**** Provided data ****

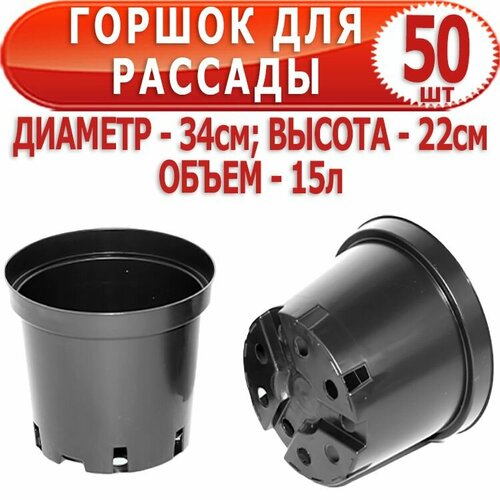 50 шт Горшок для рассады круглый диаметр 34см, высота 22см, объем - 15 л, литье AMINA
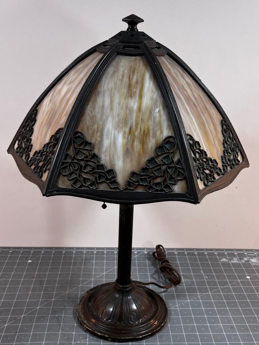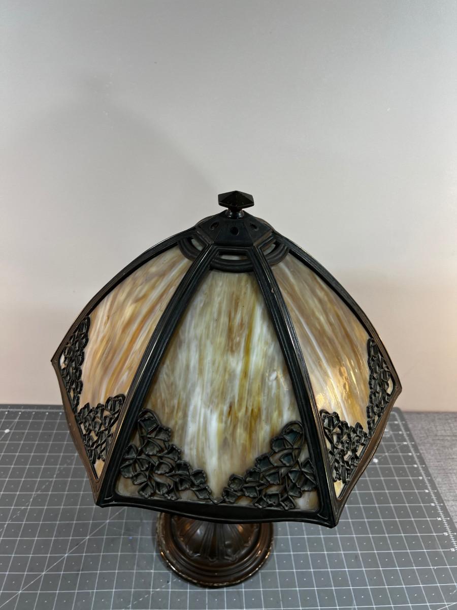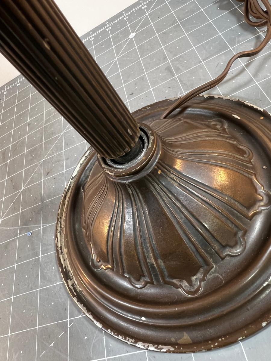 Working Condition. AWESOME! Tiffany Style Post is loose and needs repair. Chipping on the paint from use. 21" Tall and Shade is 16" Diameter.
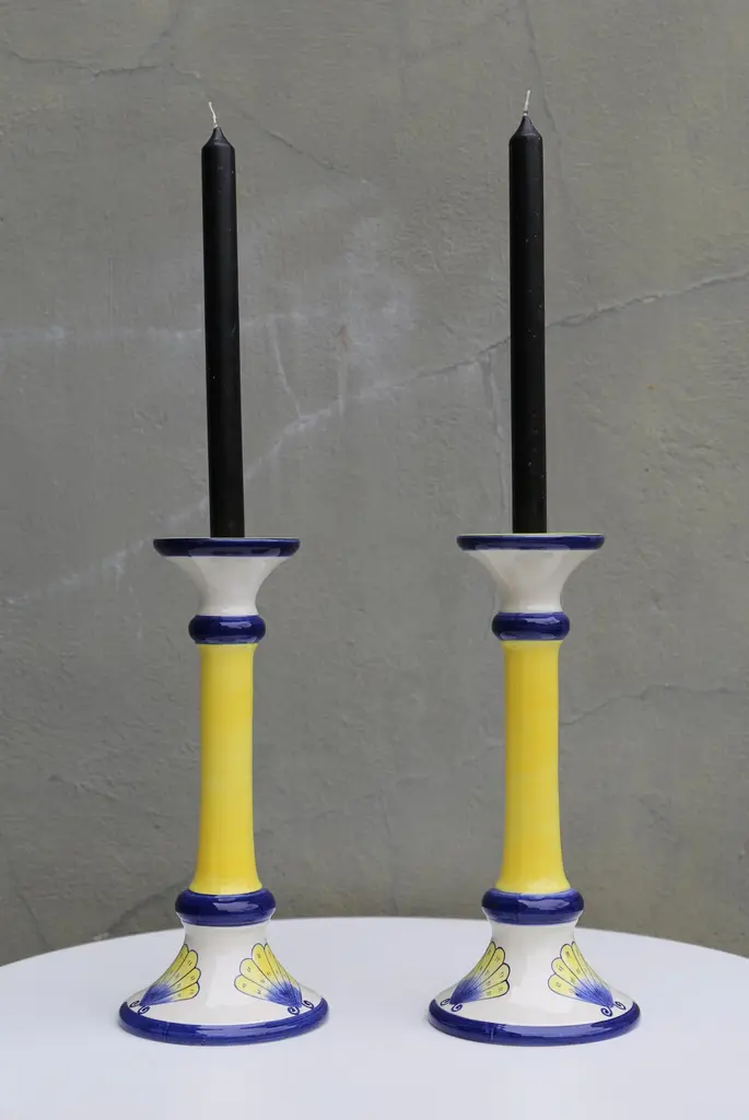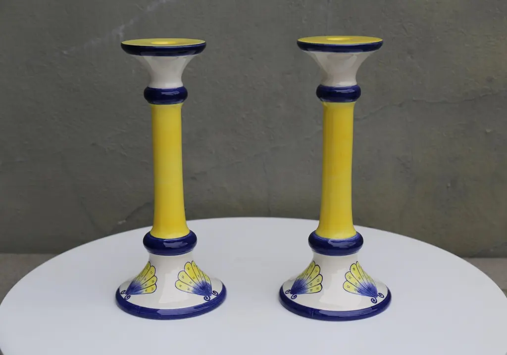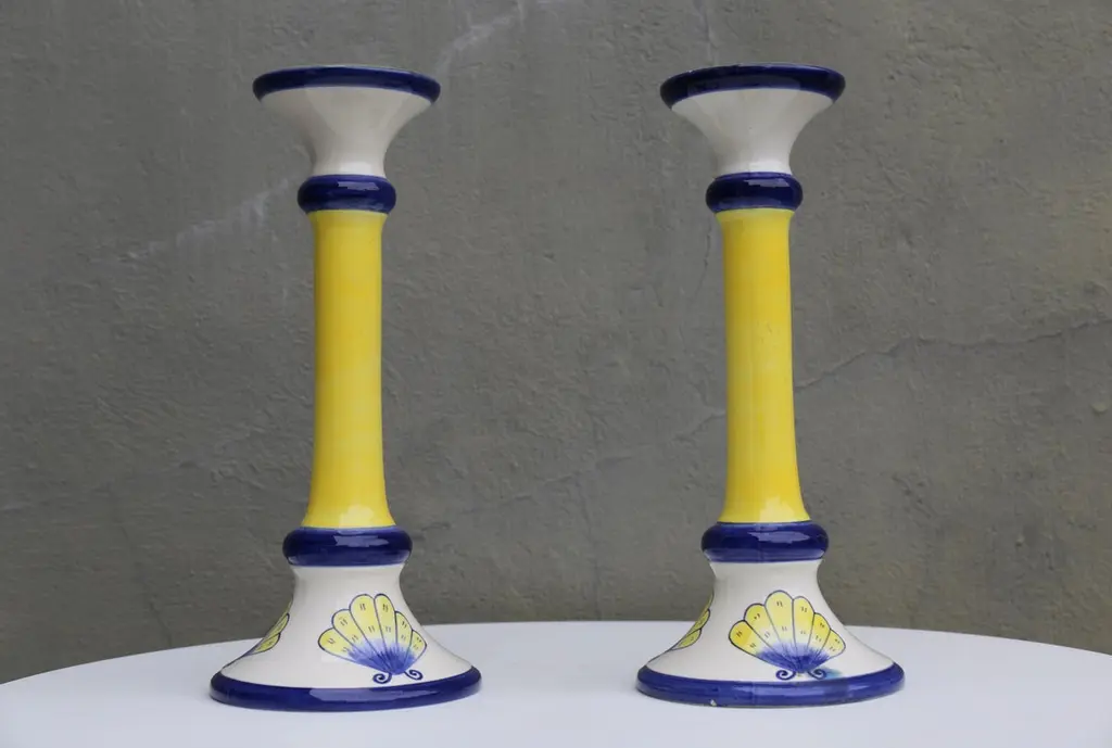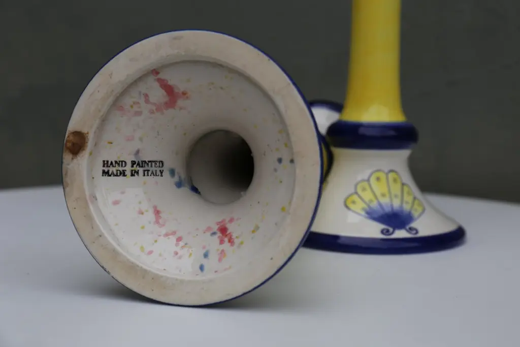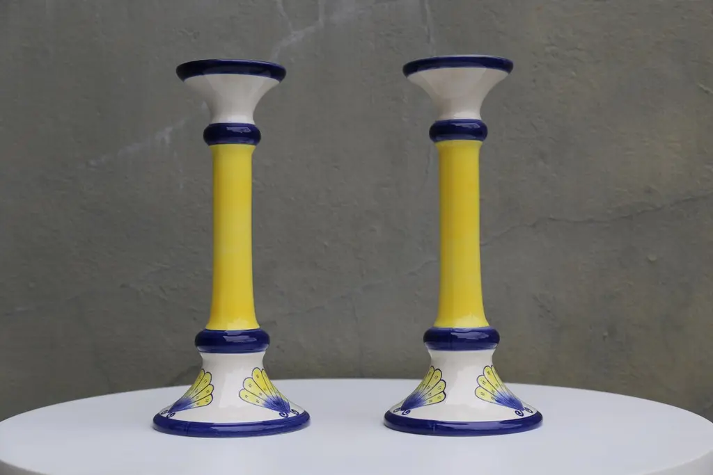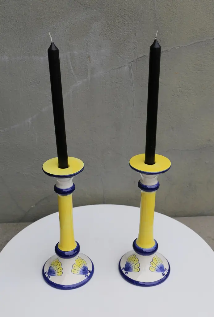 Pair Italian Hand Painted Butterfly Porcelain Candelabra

****

■ **Action item**
Please retype the data exactly. The pictures do not go in.

■ **Response**
 50 шт Горшок для рассады круглый диаметр 34см, высота 22см, объем - 15 л, литье AMINA
 Working Condition. AWESOME! Tiffany Style Post is loose and needs repair. Chipping on the paint from use. 21" Tall and Shade is 16" Diameter.
 Pair Italian Hand Painted Butterfly Porcelain Candelabra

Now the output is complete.